Sharks have been swimming in the oceans for about 450 million years, way before dinosaurs showed up 230 million years ago, modern humans 60,000 years ago, and recorded civilization 5,000 years ago.
Over the eons, sharks, have developed remarkable capabilities to locate and catch prey.
Sharks have receptors sensitive to electric fields that are every bit as developed and important to the shark as sight, hearing, smell, touch and taste. All shark species use electroreception ability to locate prey. Sharks also use their electrosensors to help navigate across the oceans electromagnetic fields
A shark’s skeleton is made entirely of cartilage (like human noses and ears). Cartilage is lighter and more flexible than bone and helps the shark maintain neutral buoyancy and flexible swimming ability. The shark’s jaws and backbone contain calcium salts to add strength.
Hammerhead sharks can grow to 20 feet long and weigh from 500 to 1,000 pounds. Their teeth are extremely sharp and have a triangle shape. Their heads are wide and very thick, resembling a hammer at both ends.
Their eyes are located at the ends giving them a better visual range than most other sharks. The highly specialized sensory organs on their wide, mallet-shaped heads give them the ability to scan the ocean for food. One of the sensory organs is the ampullae of Lorenzini, which enables sharks to detect prey including its favorite meal, stingrays that usually bury themselves under the sand.
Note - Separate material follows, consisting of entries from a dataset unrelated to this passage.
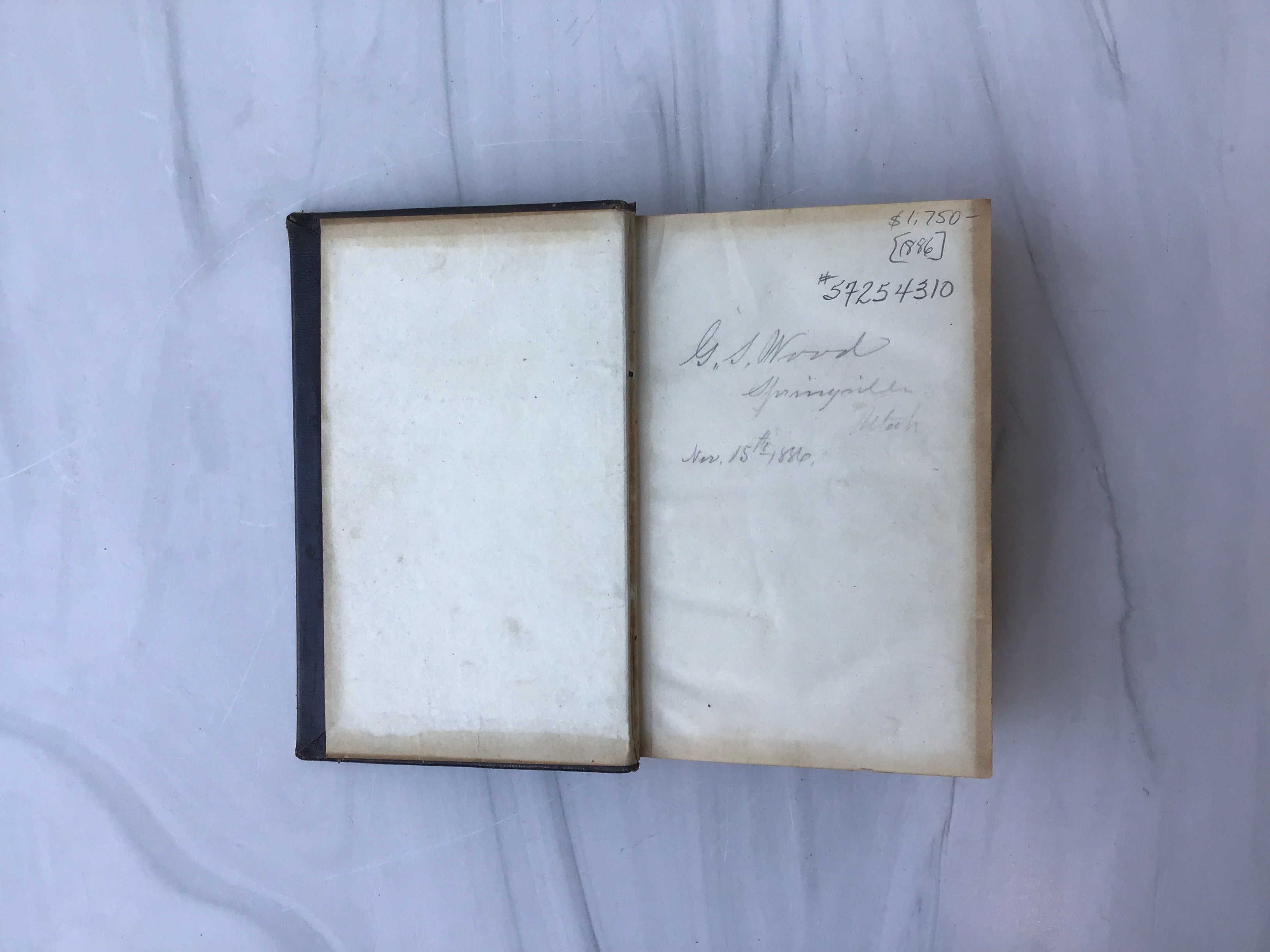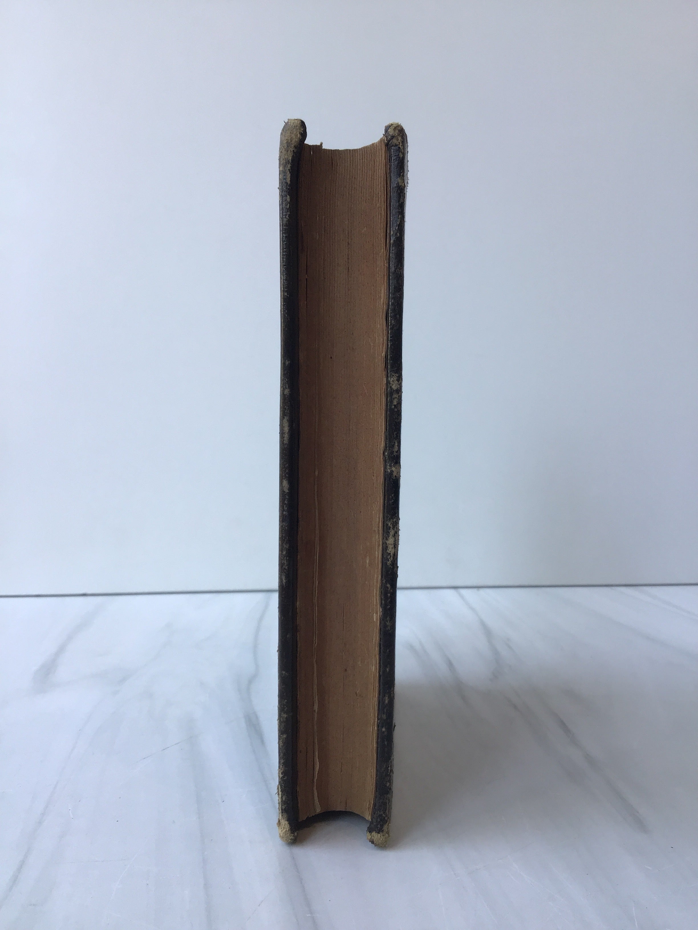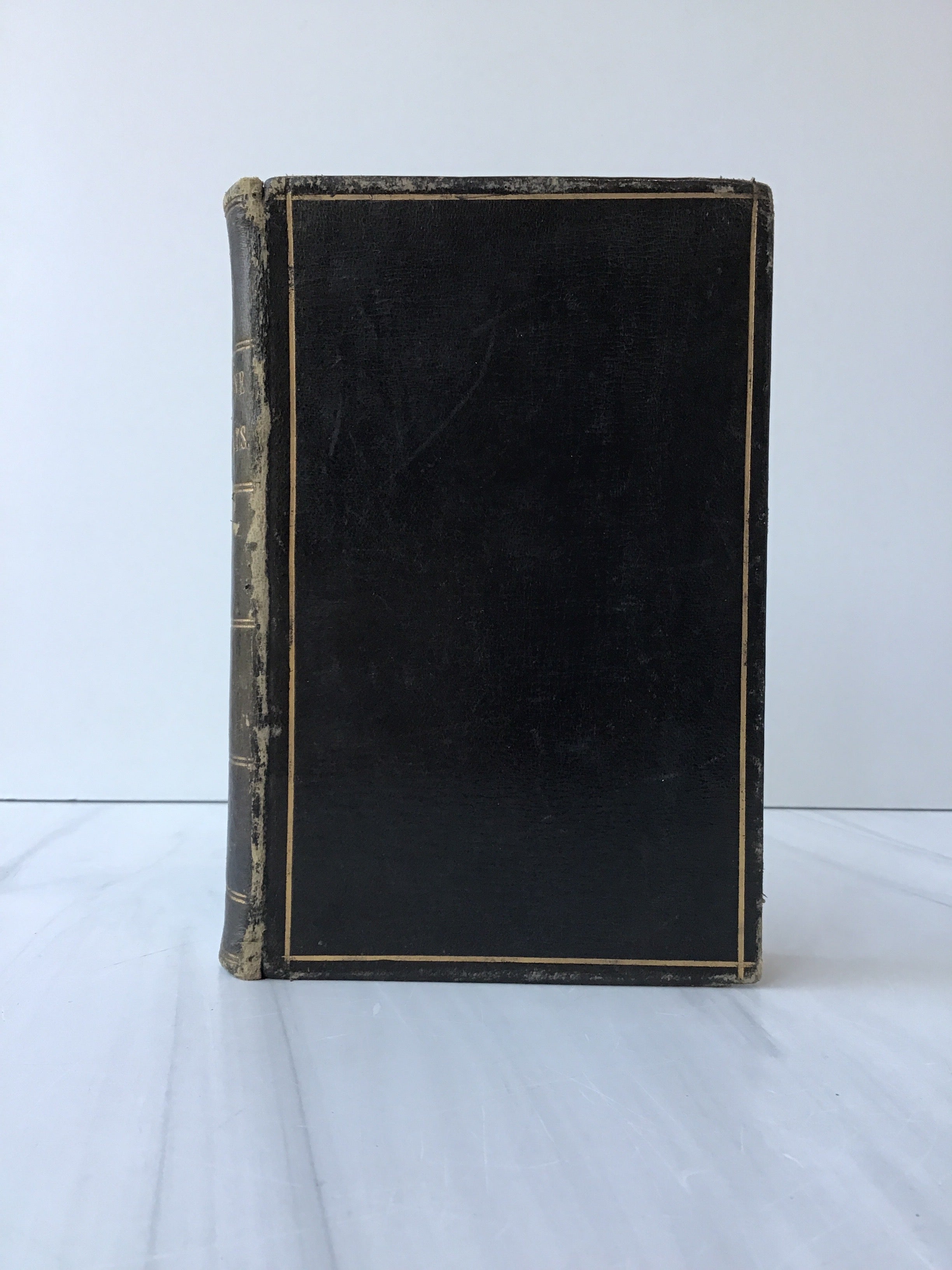 Black leather bound hardback with gold tooling around front, back and spine, some rubbing on board due to age, intact, overall good condition.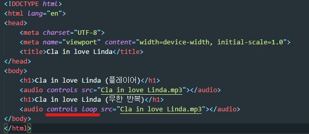 controls를 추가한 이유는 loop의 경우 음악이 재생된 후 그 음악이 끝나야 반복이 될 수 있는데,
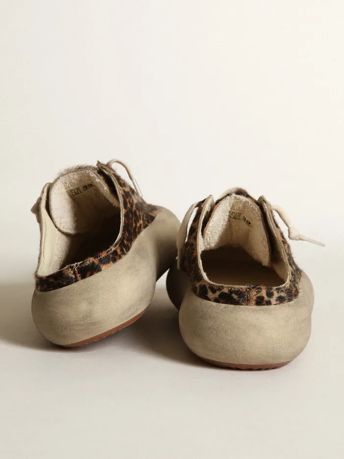 Unapologetically bold and effortlessly comfortable, these Golden Goose Space-Star Mule Sneakers in leopard print deliver standout flair with an easygoing attitude. Designed with a slip-on mule silhouette, the upper features a plush faux leopard pattern paired with a contrasting black star patch for added edge. The distressed midsole brings that iconic Golden Goose worn-in look, making each pair uniquely yours. Ideal for casual days, errands, or styling up a neutral outfit, these mules are the epitome of everyday statement footwear.

There is all manner of lodging available in Bimini. I stayed in a quaint European-style bed and breakfast (dinner included) called Hog Haven run by a long time Keys resident Doug Norris. It was a very unique experience (worthy of a one-act play) that involved a beautiful Bahamian girl of 12, a young woman from Las Vegas whose boyfriend is a male super model, and a shark enthusiast from Australia who writes a shark blog. Norris’ friendly charm made the stay feel like I was visiting family.
I always am glad to return to the Florida Keys after a trip. But, a short jaunt over to Bimini is a treat, especially if you want to experience easy, laid-back, world-class shark diving that is just a hop, skip and jump away from home.